In 2023, Varo was the subject of the solo exhibition Remedios Varo: Science Fictions at the Art Institute of Chicago. Varo's work has been acquired by museums worldwide, including The Museum of Modern Art, New York; Art Institute of Chicago; Centre Pompidou, Paris; National Museum of Women in the Arts, Washington, D.C.; Museo Nacional Centro de Arte Reina Sofía, Madrid, Spain; Museum of Fine Arts, Boston; Detroit Institute of Arts, among others.
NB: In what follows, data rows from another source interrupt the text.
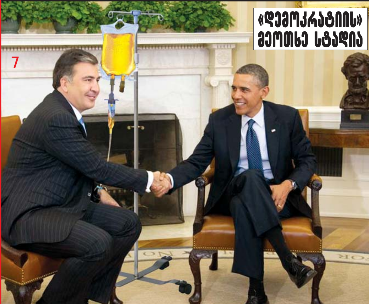
«დემოკრატიის» გეოტეხ სტანია
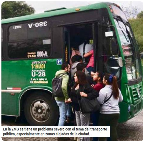
En la ZMG se tiene un problema severo con el tema del transporte público, especialmente en zonas alejadas de la ciudad.
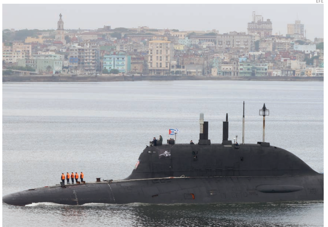
El submarino nuclear ruso Kazán en la bahía de La Habana.

Cuba y Rusia han profundizado en los últimos años sus históricas relaciones en los ámbitos político, militar y económico. Los cubanos acuciados principalmente por la grave crisis que padecen; los rusos por consolidar su magra red de aliados y el valor geoestratégico de la isla.
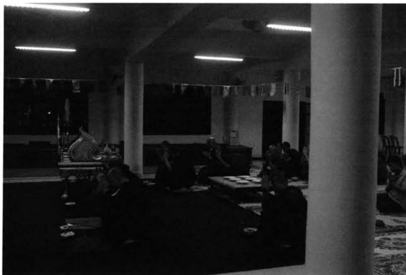
รูปที่ 5 การถวายข้าวหอมต๋อในเช้าวันออกพรรษา
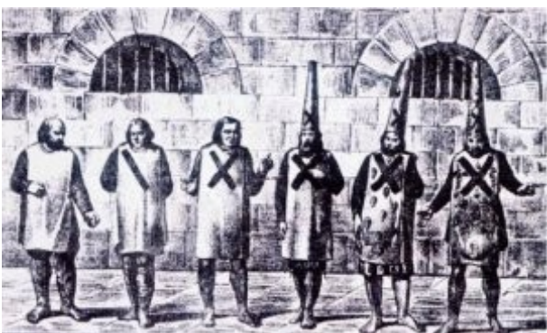
Fig. 4. Las prendas penitenciales de los reos de la Inquisición[34].

En el auto de fe el 24 de febrero de 1590 se quemó la efigie de su padre al tiempo que toda la familia abjuró públicamente de sus prácticas judaicas. La Inquisición confiscó todos sus bienes y se les dio penitencia espiritual que consistía en ayunar los viernes, rezar el rosario de cinco misterios los domingos y días de fiesta y usar el sambenito[33].
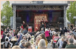
„Krieger Rock“ sorgten für Stimmung.

Gina Gießels beachten einfach alle zum Stanten. Den Sonntagsmittag krönten die Landfrauen mit ihrem leckeren Erdbeerkuchen. Auf der Bühne am Rathausplatz sahen am Vereinsnachmittag viele begeisterte Zuschauerinnen und Zuschauer Tanzvorführungen der Kinder und Jugend der Eschborner Käwwern. Die Eschborner Vereine kümmerten sich in großzügiger Weise um das leibliche Wohl der Gäste. Ob Säfte, Herzhafes oder Delikatess, an den leckeren Verkostungstischen der Vereine wurde jede und jeder fündig.
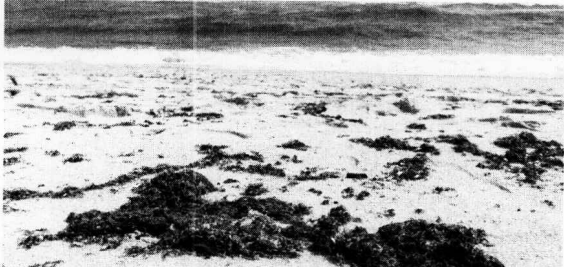
CERCA DE 64 PRAIAS do Estado haviam sido atingidas, até sexta-feira, 11

She has had solo shows at the National Museum of Women in the Arts, Washington, D.C. (2000); Mexican Fine Arts Museum, Chicago, (2000); Museo de Arte Moderno, Mexico City, (1971, 1983, 1994, 2001, 2016, 2018); and Museo de Arte Latinoamericano de Buenos Aires (Malba), Argentina (2020).

 

Varo's work has been included in many group museum exhibitions, including Surrealism: Desire Unbound, Tate Modern Gallery, London, United Kingdom (2001); In Wonderland: The Surrealist Adventures of Women Artists in Mexico and the United States, Los Angeles County Museum of Art, California (2012); Exquisite Corpses: Drawing and Disfiguration, The Museum of Modern Art, New York (2012); Campo Cerrado: Spanish Art 1939-1953, Museo Nacional Centro de Arte Reina Sofía, Madrid, Spain (2016); The Moon: From Inner Worlds to Outer Space, Louisiana Museum of Art, Humlebaek, Denmark (2018); Fantastic Women: Surreal Worlds from Meret Oppenheim to Frida Kahlo, Schirn Kunsthalle Frankfurt, Germany (2020) and Louisiana Museum of Art, Humlebaek, Denmark (2020); Surrealism Beyond Borders, the Metropolitan Museum of Art, New York (2021) and Tate Modern, London (2022); Surrealism and Magic: Enchanted Modernity, Peggy Guggenheim Collection, Venice, Italy (2022) and Museum Barberini, Potsdam, Germany (2022); and the 59th Venice Biennale, The Milk of Dreams (2022).